Human languages order information efficiently

Gildea, D. 1 & Jaeger, T. F. 2

1 Computer Science, U. of Rochester
2 Brain and Cognitive Sciences, U. of Rochester

While most languages use the relative order between words to encode meaning relations, languages differ in what orders they use and how these orders are mapped onto different meanings. We test the hypothesis that--despite these differences--human languages might constitute different solutions to common pressures of language use. Specifically, we calculate the per-word dependency length and surprisal--both known to be correlated with increased processing difficulty--and compare it to what would be expected by chance.

Method: We use large-scale syntactic corpora from Arabic, American English, Czech, German, and Mandarin. We use Monte-Carlo simulations to create thousands of randomized versions of these languages with different (but internally consistent) word orders. This allows us to calculate the per-word dependency length and surprisal of each language *expected by chance*.

Result: All five languages have per-word dependency length and surprisal significantly lower than expected by chance (ps<.01). This held for both speech and written data (Futrell et al 2015; Gildea & Temperley, 2010 find the same for dependency length for many languages).
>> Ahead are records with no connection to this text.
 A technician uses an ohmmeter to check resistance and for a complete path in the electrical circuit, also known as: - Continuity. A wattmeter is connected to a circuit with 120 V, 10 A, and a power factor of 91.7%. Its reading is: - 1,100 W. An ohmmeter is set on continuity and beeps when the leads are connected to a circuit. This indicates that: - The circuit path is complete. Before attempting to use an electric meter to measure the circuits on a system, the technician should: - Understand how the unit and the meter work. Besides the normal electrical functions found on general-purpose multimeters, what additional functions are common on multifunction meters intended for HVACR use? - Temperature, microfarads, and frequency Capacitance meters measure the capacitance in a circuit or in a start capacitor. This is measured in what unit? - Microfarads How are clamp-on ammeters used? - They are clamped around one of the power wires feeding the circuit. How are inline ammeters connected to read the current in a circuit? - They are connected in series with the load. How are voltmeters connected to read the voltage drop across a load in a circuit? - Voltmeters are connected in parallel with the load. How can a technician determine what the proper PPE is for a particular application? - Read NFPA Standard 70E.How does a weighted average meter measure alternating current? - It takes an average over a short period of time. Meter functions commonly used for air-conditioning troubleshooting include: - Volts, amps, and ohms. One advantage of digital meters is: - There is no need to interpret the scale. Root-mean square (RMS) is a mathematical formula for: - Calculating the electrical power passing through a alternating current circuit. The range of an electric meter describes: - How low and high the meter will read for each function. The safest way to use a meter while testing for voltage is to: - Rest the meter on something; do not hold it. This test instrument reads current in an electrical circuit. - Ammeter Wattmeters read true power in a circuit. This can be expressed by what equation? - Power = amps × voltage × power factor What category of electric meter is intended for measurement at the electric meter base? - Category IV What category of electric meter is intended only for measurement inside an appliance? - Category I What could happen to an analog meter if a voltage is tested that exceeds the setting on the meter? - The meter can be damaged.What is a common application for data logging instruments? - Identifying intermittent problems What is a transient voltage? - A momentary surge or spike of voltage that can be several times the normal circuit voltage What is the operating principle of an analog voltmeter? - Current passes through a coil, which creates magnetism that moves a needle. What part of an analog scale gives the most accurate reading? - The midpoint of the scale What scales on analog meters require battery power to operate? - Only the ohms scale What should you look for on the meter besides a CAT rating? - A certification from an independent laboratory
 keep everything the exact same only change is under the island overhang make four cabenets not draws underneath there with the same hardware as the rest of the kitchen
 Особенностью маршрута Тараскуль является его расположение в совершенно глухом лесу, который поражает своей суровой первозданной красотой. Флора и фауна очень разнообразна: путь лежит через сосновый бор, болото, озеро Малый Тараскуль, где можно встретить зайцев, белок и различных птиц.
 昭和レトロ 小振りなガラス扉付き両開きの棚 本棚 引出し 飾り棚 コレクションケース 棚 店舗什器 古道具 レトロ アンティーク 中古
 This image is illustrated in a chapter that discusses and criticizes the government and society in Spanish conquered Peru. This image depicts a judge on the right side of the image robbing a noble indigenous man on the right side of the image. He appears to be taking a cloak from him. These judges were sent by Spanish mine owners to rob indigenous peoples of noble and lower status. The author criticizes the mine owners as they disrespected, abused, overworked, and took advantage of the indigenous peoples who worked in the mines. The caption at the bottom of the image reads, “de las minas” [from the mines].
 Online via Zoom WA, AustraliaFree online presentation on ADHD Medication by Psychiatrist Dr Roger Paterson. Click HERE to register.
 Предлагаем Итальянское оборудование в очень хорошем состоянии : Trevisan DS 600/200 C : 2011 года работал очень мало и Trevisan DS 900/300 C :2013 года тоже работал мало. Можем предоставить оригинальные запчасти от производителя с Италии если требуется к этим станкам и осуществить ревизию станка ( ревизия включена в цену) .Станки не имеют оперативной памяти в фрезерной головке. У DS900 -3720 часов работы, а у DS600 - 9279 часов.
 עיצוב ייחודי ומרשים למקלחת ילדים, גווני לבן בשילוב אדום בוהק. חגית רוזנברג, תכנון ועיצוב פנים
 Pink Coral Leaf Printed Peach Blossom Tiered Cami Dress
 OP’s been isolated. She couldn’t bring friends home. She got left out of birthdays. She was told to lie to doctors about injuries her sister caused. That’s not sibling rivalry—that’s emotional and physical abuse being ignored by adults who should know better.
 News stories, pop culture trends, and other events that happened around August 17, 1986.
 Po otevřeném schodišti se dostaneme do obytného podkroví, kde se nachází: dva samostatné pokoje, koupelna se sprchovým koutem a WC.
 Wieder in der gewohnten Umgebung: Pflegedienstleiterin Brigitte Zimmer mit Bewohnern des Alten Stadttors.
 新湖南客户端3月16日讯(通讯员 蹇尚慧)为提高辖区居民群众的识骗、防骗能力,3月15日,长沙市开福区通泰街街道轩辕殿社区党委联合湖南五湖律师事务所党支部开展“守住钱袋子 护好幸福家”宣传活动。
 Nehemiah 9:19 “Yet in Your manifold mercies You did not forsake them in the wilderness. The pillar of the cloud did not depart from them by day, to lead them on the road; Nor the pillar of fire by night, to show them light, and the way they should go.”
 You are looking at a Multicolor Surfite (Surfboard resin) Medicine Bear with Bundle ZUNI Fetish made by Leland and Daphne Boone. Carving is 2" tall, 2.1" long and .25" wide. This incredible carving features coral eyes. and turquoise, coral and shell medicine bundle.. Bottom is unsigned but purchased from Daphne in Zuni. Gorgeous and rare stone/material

Additionally, we calculated optimal trade-offs between dependency length and surprisal (an NP-complete problem, but close approximations can be obtained through numerical methods). Four of the languages fall very close to the optimal trade-off boundary. This suggests that these processing pressures shape word order changes over historical time. Of relevance to psycholinguistic theory, surprisal was as strong or stronger a predictor than dependency length. While the two measures are positively correlated on average, they trade-off in the optimization: lowering surprisal eventually comes are the costs of dependency length.